I didn’t have a good answer at the time, but the question stayed with me. Today I have an answer – the subject of the post. Before I reveal it, however, we shall need some background.

Boltzmann versus Poincaré

In 1872 Ludwig Boltzmann published his H-theorem. It states that, in a closed system of interacting, idealized gas particles, entropy increases with time. Some time later, in 1888, Henri Poincaré formulated and proved the recurrence theorem as part of his quest to secure the prize competition organized by Gösta Mittag-Leffler in honor of King Oscar II of Sweden (a remarkable episode in the history of science, but one I shall not elaborate on here). Since then, the two results had widespread influences on subsequent developments in mathematics and physics. The former is the hallmark of thermodynamics and statistical mechanics, and is considered by some scientists the most fundamental principle of modern physics (although still far from well understood). The latter led to the modern mathematical theory of dynamical systems, to ergodic theory, and to the concept of homoclinic orbits and chaos. At the same time, the juxtaposition of the two results brought about one of the most intriguing debates in modern science: the reversibility paradox. How can a system governed by reversible laws of motion give rise to seemingly irreversible behavior?
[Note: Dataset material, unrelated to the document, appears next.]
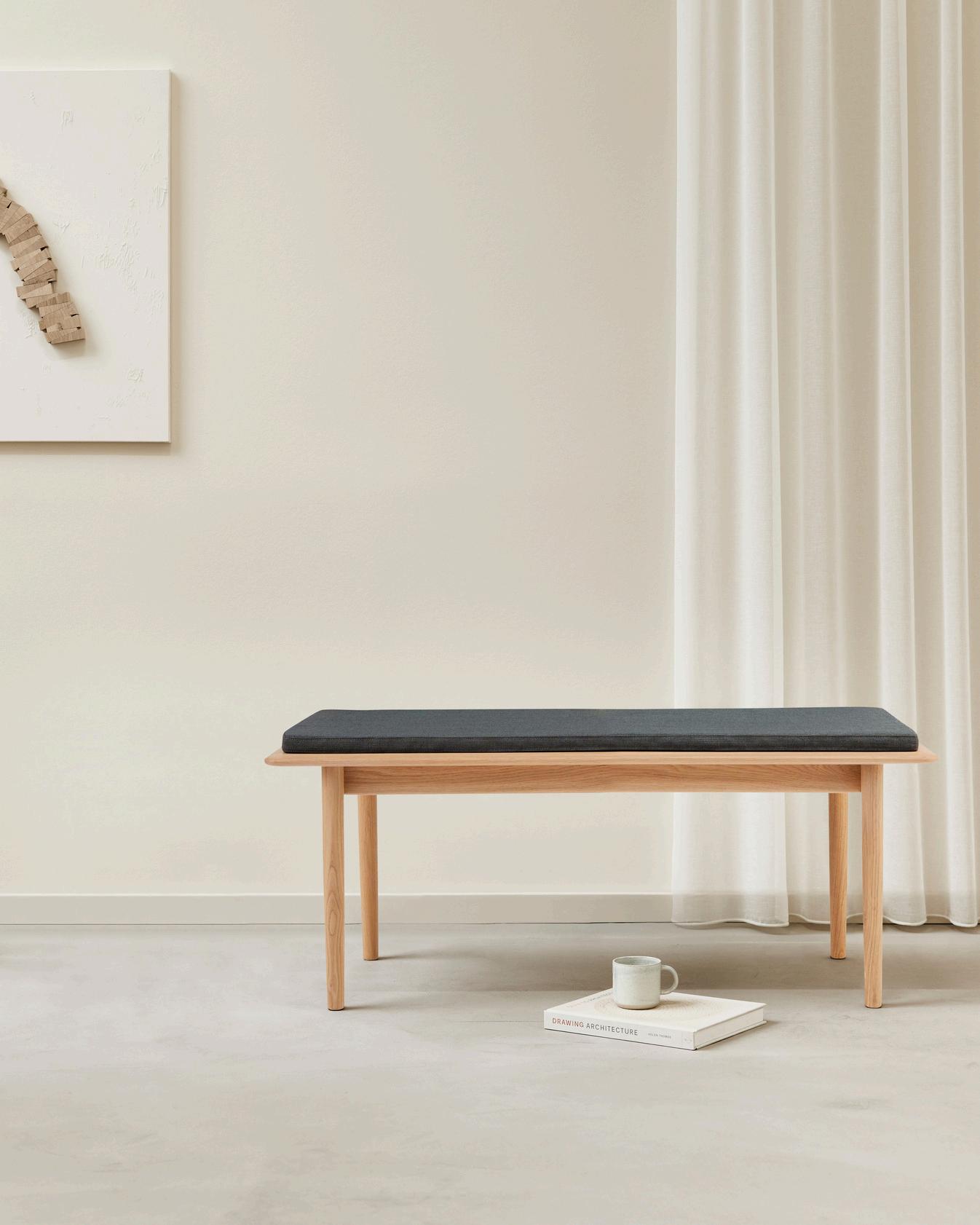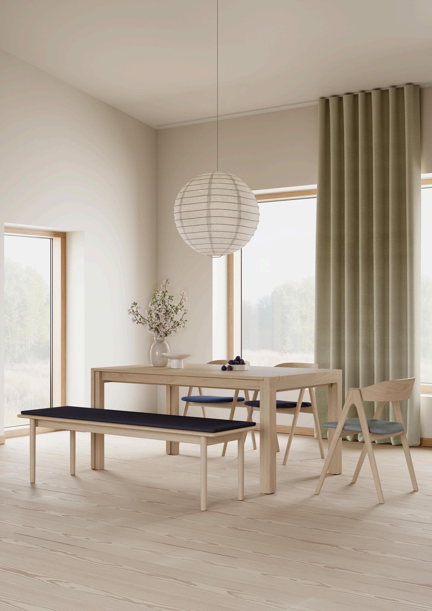 JOIN by Hammel bord 220 cm top i hvidpigmenteret lakeret eg, stel i massiv eg ELBA by Hammel bænk, hvidpigmenteret massiv eg, hynde i crisp 4125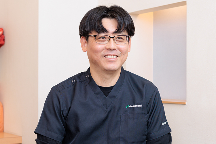 元気に対応することを心がけています。歯科医師やスタッフが元気でないと、患者さんの気分も落ち込んでしまうと思ってのこと。ですから、常に笑顔を絶やさずに、こちらから積極的に声をかけるようにしています。治療の前後は必ず詳細に説明しているので、患者さんは「どんな治療をされたのだろう……」といった不安を感じにくいのではないでしょうか。また、最初は緊張していたのに、次第にいろいろと話してくれるようになる様子を見ると、患者さんが話しやすい雰囲気にもつながっているのだと実感しています。僕自身、患者さんとお話しするのが大好きなので、会話が盛り上がるとうれしいですね。ただ、盛り上がり過ぎて、スタッフから「先生、話しすぎ」と言われることもしばしばあります(笑)。

A closed box with gas particles initially in the first chamber

Here is the classical illustration of the paradox, pointed out in 1876 by Johann Josef Loschmidt, in relation to time-reversibility, and in 1896 by Ernst Zermelo, in relation to recurrence. Consider a closed box of finite volume, containing two chambers with an opening between them. Now populate the first chamber with a large but finite number of gas particles that interact in a pair-wise, time-reversible fashion according to Newtonian mechanics. As the system is released, the gas particles begin to diffuse into the second chamber. According to Boltzmann’s H-theorem, they continue doing so until a macroscopic equilibrium is reached, in which the particles on average are distributed uniformly across the two chambers. On the other hand, according to Poincaré’s recurrence theorem, for each choice of \(\delta>0\), there is a finite time \(t_\delta\) at which each particle has returned to within a distance \(\delta\) of its initial position and velocity. In particular, if one waits long enough, the particles should eventually come to a configuration where they all reside in the first chamber. But, according to the H-theorem, that cannot happen, since such a macroscopic state has lower entropy than a mixed chamber state. Furthermore, no-one has ever witnessed anything like that in experiments. And so the paradox arises.An entertaining, popular account of the entropy law and the controversies it brought can be found in the book Mysteries of Modern Physics: Time by Sean Carrol.

Of course, it is not truly a “paradox”. Poincaré’s recurrence theorem is undoubtedly valid under its assumptions (volume preservation of the phase flow and boundedness of the phase orbits), whereas the H-theorem is a probabilistic statement that requires undesirable assumptions to be proved rigorously. In this sense, Poincaré’s result has the upper hand. But, as mentioned, it is Boltzmann’s entropy law that physicists over and over again confirm in experiments, that we observe in our everyday life (you never see an egg “un-crack”), and that successfully explains the arrow of time and the past hypothesis in cosmology. In short, despite the rigorousness of the recurrence theorem, the behavior predicted by the entropy law is more ubiquitous. How, then, can we explain that we never see the gas particles returning to the first chamber?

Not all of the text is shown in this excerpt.